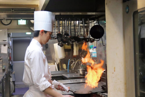 インターンシップで多くの学びがあり、さらに成長したいと入社。仕込みや盛り込みなどの業務を通じ、お客様にとって特別な日に関われることがうれしく、やりがいを感じます。
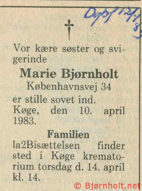 Marie blev gift med Alfred Emil Bjørnholt [116] [MRIN: 1358], søn af Bojle Andersen Bjørnholt [27] og Anna Kirstine Rasmussen [4993], den 5. maj 1935 i Køge Skt Nikolaj Sogn, Ramsø, Roskilde. (Alfred Emil Bjørnholt [116] blev født den 23. mar. 1912 i Holbækhuse, Benløse Sogn, Ringsted, Sorø, dåb den 8. sep. 1912 i Køge Glæiservej 17 Køge, Solbjerg Kirke, døde den 11. aug. 1963 i København, Rigshospitalet Sogn, Sokkelund, København og blev begravet den 17. aug. 1963 i Skt. Nikolaj Kirkegård, Køge Sct Nikolaj Sogn, Ramså, Roskilde.)
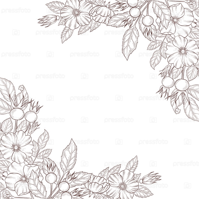 Иллюстрационный набор в черно-белом стиле гравировки чашки с чаем, чайника, листьев чая, чайного мешка и цветов розового хепа и ягод, подробная линия работы для упаковки, социальных сетей, меню
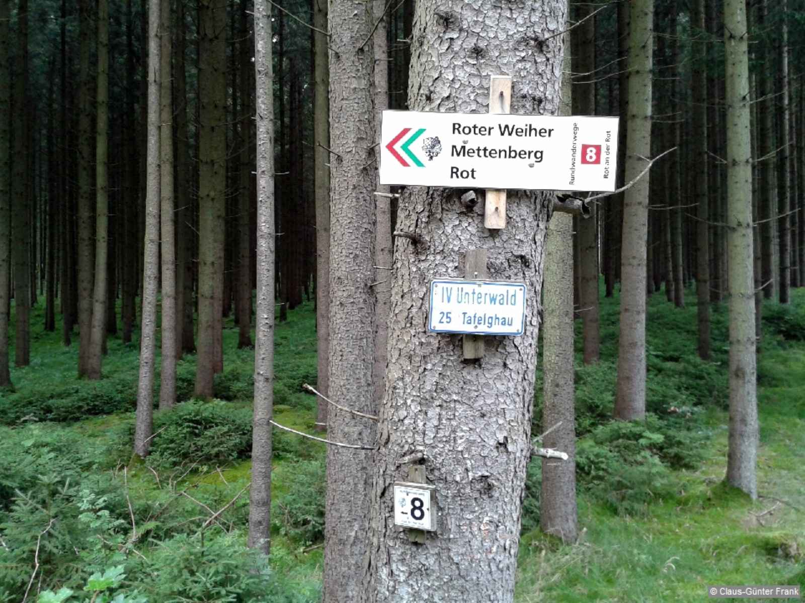 Hier gehen wir nach links in den Wald, die Markierungen sind an dieser Stelle nicht klar. Nach ca. 3 Min. wandern wir bei der ersten Möglichkeit nach rechts, verlassen nach gut 100 m den Wald und laufen am Waldrand geradeaus weiter, anfangs ohne deutlichen Pfad. Wo der Waldrand endet, führt der Weg geradeaus in ein kleines Tal, dort vor Bäumen und Büschen nach rechts und danach nach links. Bei einer Wegspinne folgen wir dem asphaltierten Weg nach rechts in das nahe Mettenberg. Nach den ersten Höfen erreichen wir den Eichenberger Weg. Der Weg 8 führt nach rechts, wir wandern aber nach links und bei der nächsten T-Kreuzung kurz darauf nochmals. Wir befinden uns jetzt auf dem Weg 8a, allerdings entgegen der Markierungsrichtung. Gut 5 Min. nach der Bebauungsgrenze steht rechts vom Weg ein einzelner Baum.

- _Task directions_: Give back the listing word for word, minus its images.

- _Response to this exercise_:
 インターンシップで多くの学びがあり、さらに成長したいと入社。仕込みや盛り込みなどの業務を通じ、お客様にとって特別な日に関われることがうれしく、やりがいを感じます。
 Marie blev gift med Alfred Emil Bjørnholt [116] [MRIN: 1358], søn af Bojle Andersen Bjørnholt [27] og Anna Kirstine Rasmussen [4993], den 5. maj 1935 i Køge Skt Nikolaj Sogn, Ramsø, Roskilde. (Alfred Emil Bjørnholt [116] blev født den 23. mar. 1912 i Holbækhuse, Benløse Sogn, Ringsted, Sorø, dåb den 8. sep. 1912 i Køge Glæiservej 17 Køge, Solbjerg Kirke, døde den 11. aug. 1963 i København, Rigshospitalet Sogn, Sokkelund, København og blev begravet den 17. aug. 1963 i Skt. Nikolaj Kirkegård, Køge Sct Nikolaj Sogn, Ramså, Roskilde.)
 Иллюстрационный набор в черно-белом стиле гравировки чашки с чаем, чайника, листьев чая, чайного мешка и цветов розового хепа и ягод, подробная линия работы для упаковки, социальных сетей, меню
 Hier gehen wir nach links in den Wald, die Markierungen sind an dieser Stelle nicht klar. Nach ca. 3 Min. wandern wir bei der ersten Möglichkeit nach rechts, verlassen nach gut 100 m den Wald und laufen am Waldrand geradeaus weiter, anfangs ohne deutlichen Pfad. Wo der Waldrand endet, führt der Weg geradeaus in ein kleines Tal, dort vor Bäumen und Büschen nach rechts und danach nach links. Bei einer Wegspinne folgen wir dem asphaltierten Weg nach rechts in das nahe Mettenberg. Nach den ersten Höfen erreichen wir den Eichenberger Weg. Der Weg 8 führt nach rechts, wir wandern aber nach links und bei der nächsten T-Kreuzung kurz darauf nochmals. Wir befinden uns jetzt auf dem Weg 8a, allerdings entgegen der Markierungsrichtung. Gut 5 Min. nach der Bebauungsgrenze steht rechts vom Weg ein einzelner Baum.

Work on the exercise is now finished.